## TASK DETAILS
Retype all entries exactly as they stand, excluding pictures.

## TASK INPUTS
BEGIN
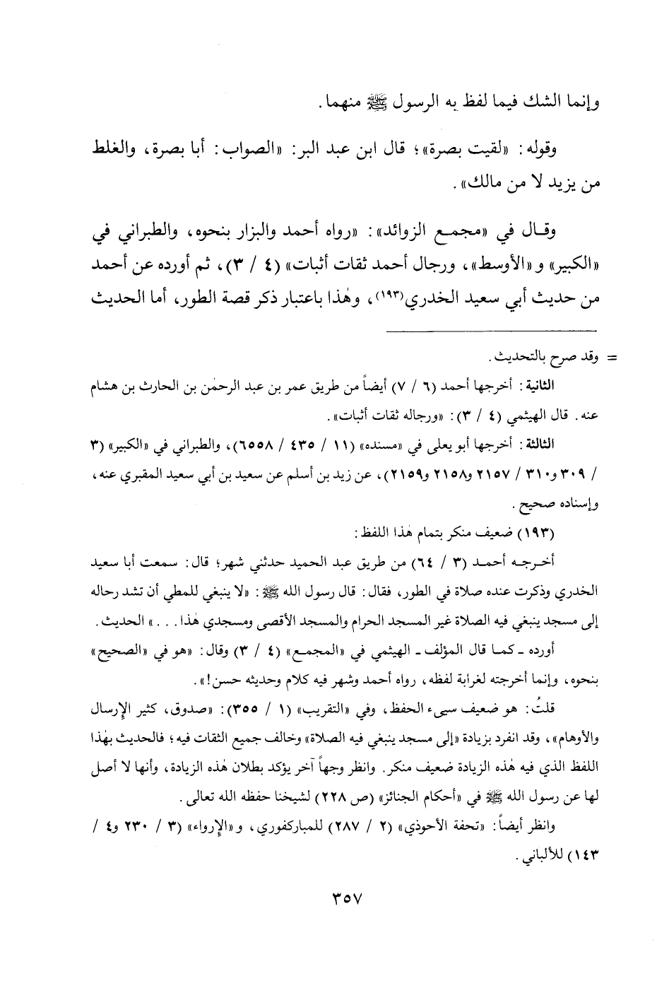 (193) ضعيف منكر بتمام هذا اللفظ: أخرجه أحمد (3/ 64) من طريق عبد الحميد حدثني شهر؛ قال: سمعت أبا سعيد الخدري وذكرت عنده صلاة في الطور، فقال: قال رسول الله - صلى الله عليه وسلم -: «لَا يَنْبَغِي لِلْمَطِيِّ أَنْ تُشَدَّ رِحَالُهُ إِلَى مَسْجِدٍ يُبْتَغَى فِيهِ الصَّلَاةُ، غَيْرَ الْمَسْجِدِ الْحَرَامِ، وَالْمَسْجِدِ الْأَقْصَى، وَمَسْجِدِي هَذَا ... » الحديث.
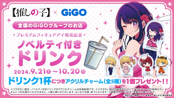 株式会社GENDA GiGO Entertainment(本社:東京都港区 代表取締役社長:二宮 一浩 以下当社)は GiGOグループのお店におきまして、プレミアムフィギュア アイ発売記念としてTVアニメ『【推しの子】』とのコラボキャンペーンを2024年9月21日(土)より開催いたします。
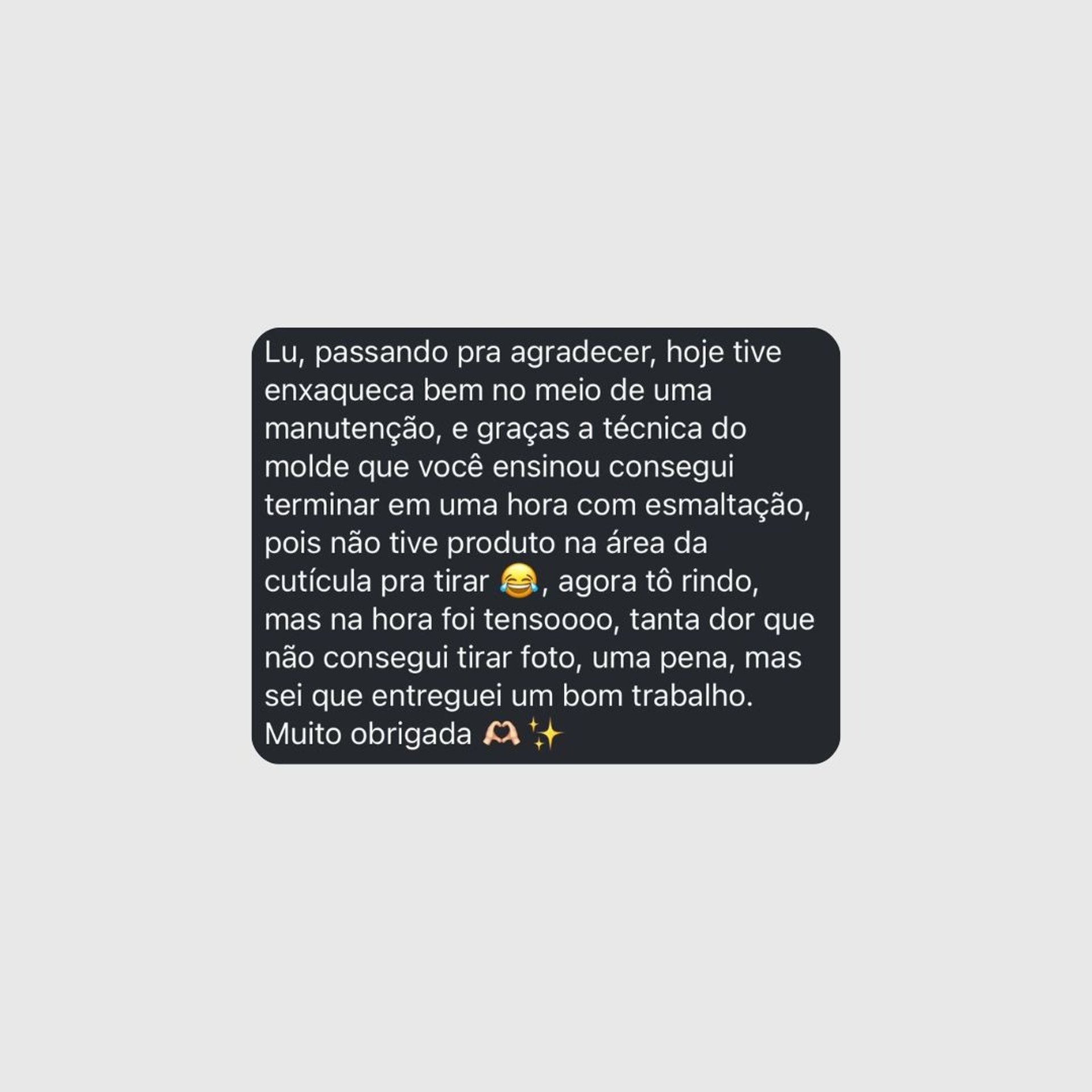 Referência em unhas naturais, conquistou sua tão sonhada agenda cheia, sem abrir mão do seu tempo de qualidade, e cobrando a altura do que vale!
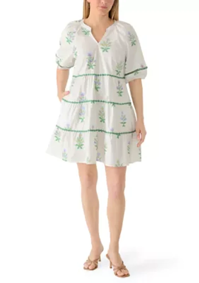 Plus Short Sleeve Split Neck Floral Print A-Line Dress
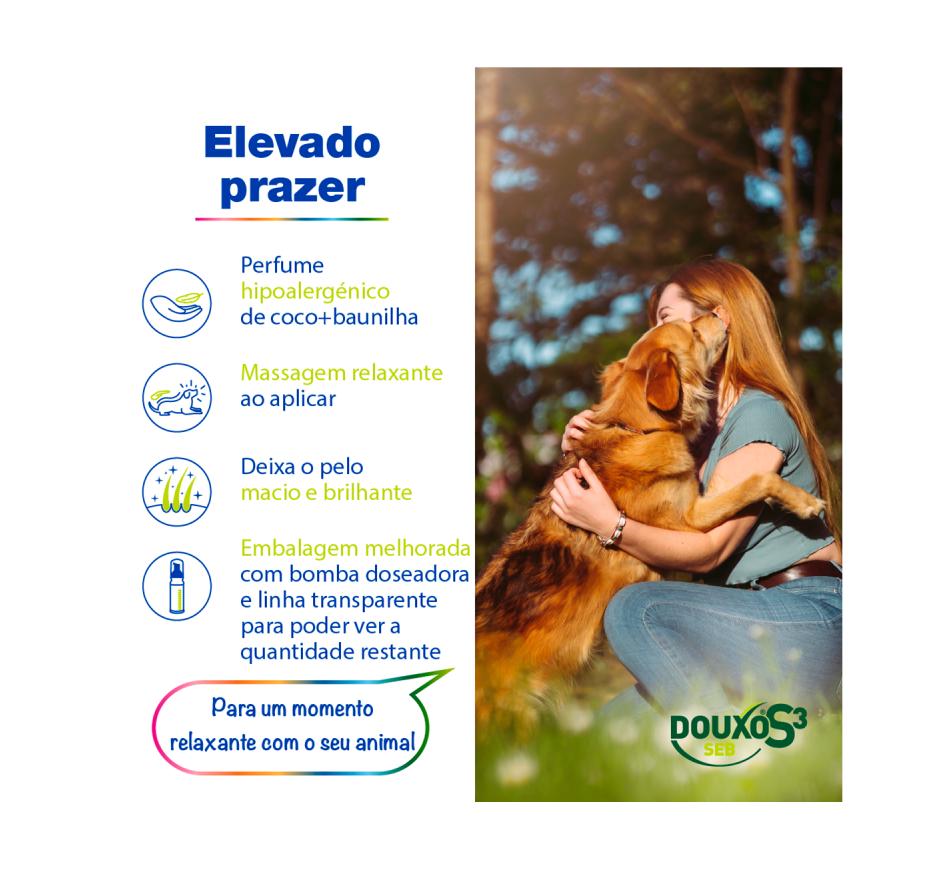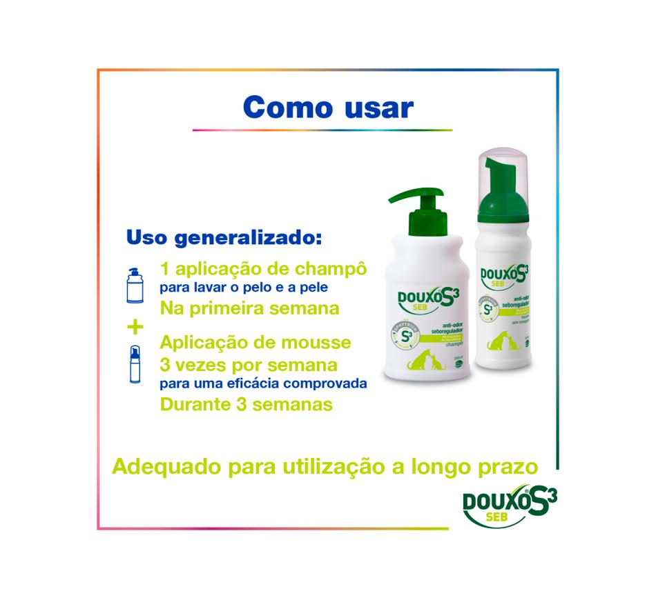 DOUXO S3 Seb champô, coadjuvante de ações de tratamento e profilaxia de todos os tipos de seborreia em cães e gatos.
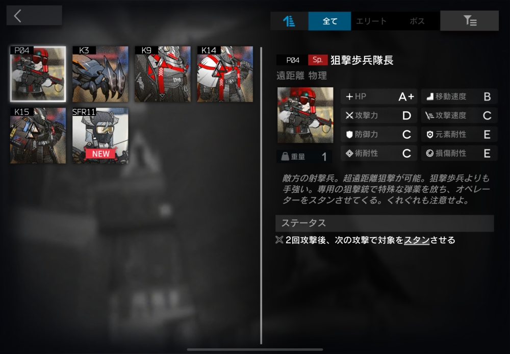 スタン野郎のベテランっぽい人。長時間スタンさせてくるので、すり抜けられても大丈夫なよう対策が必要。4体ほどスタンさせてくる。だいきらい。
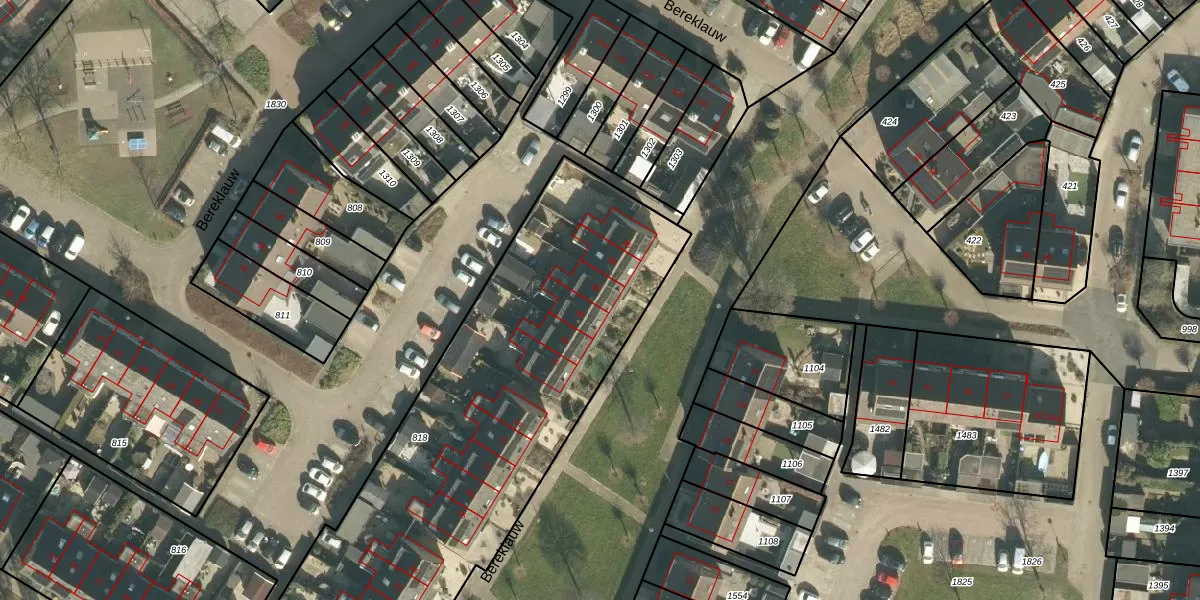 Het perceel waarop Bereklauw 82 staat heeft een oppervlakte van 2521 m². Dit is een zeer groot perceel. De perceeloppervlakte wordt geregistreerd door het Kadaster. Gedetailleerde informatie over de maten van dit perceel kunt u vinden in het rapport Kadastrale kaart met maatvoering van Bereklauw 82.
END
## YOUR SOLUTION
 (193) ضعيف منكر بتمام هذا اللفظ: أخرجه أحمد (3/ 64) من طريق عبد الحميد حدثني شهر؛ قال: سمعت أبا سعيد الخدري وذكرت عنده صلاة في الطور، فقال: قال رسول الله - صلى الله عليه وسلم -: «لَا يَنْبَغِي لِلْمَطِيِّ أَنْ تُشَدَّ رِحَالُهُ إِلَى مَسْجِدٍ يُبْتَغَى فِيهِ الصَّلَاةُ، غَيْرَ الْمَسْجِدِ الْحَرَامِ، وَالْمَسْجِدِ الْأَقْصَى، وَمَسْجِدِي هَذَا ... » الحديث.
 株式会社GENDA GiGO Entertainment(本社:東京都港区 代表取締役社長:二宮 一浩 以下当社)は GiGOグループのお店におきまして、プレミアムフィギュア アイ発売記念としてTVアニメ『【推しの子】』とのコラボキャンペーンを2024年9月21日(土)より開催いたします。
 Referência em unhas naturais, conquistou sua tão sonhada agenda cheia, sem abrir mão do seu tempo de qualidade, e cobrando a altura do que vale!
 Plus Short Sleeve Split Neck Floral Print A-Line Dress
 DOUXO S3 Seb champô, coadjuvante de ações de tratamento e profilaxia de todos os tipos de seborreia em cães e gatos.
 スタン野郎のベテランっぽい人。長時間スタンさせてくるので、すり抜けられても大丈夫なよう対策が必要。4体ほどスタンさせてくる。だいきらい。
 Het perceel waarop Bereklauw 82 staat heeft een oppervlakte van 2521 m². Dit is een zeer groot perceel. De perceeloppervlakte wordt geregistreerd door het Kadaster. Gedetailleerde informatie over de maten van dit perceel kunt u vinden in het rapport Kadastrale kaart met maatvoering van Bereklauw 82.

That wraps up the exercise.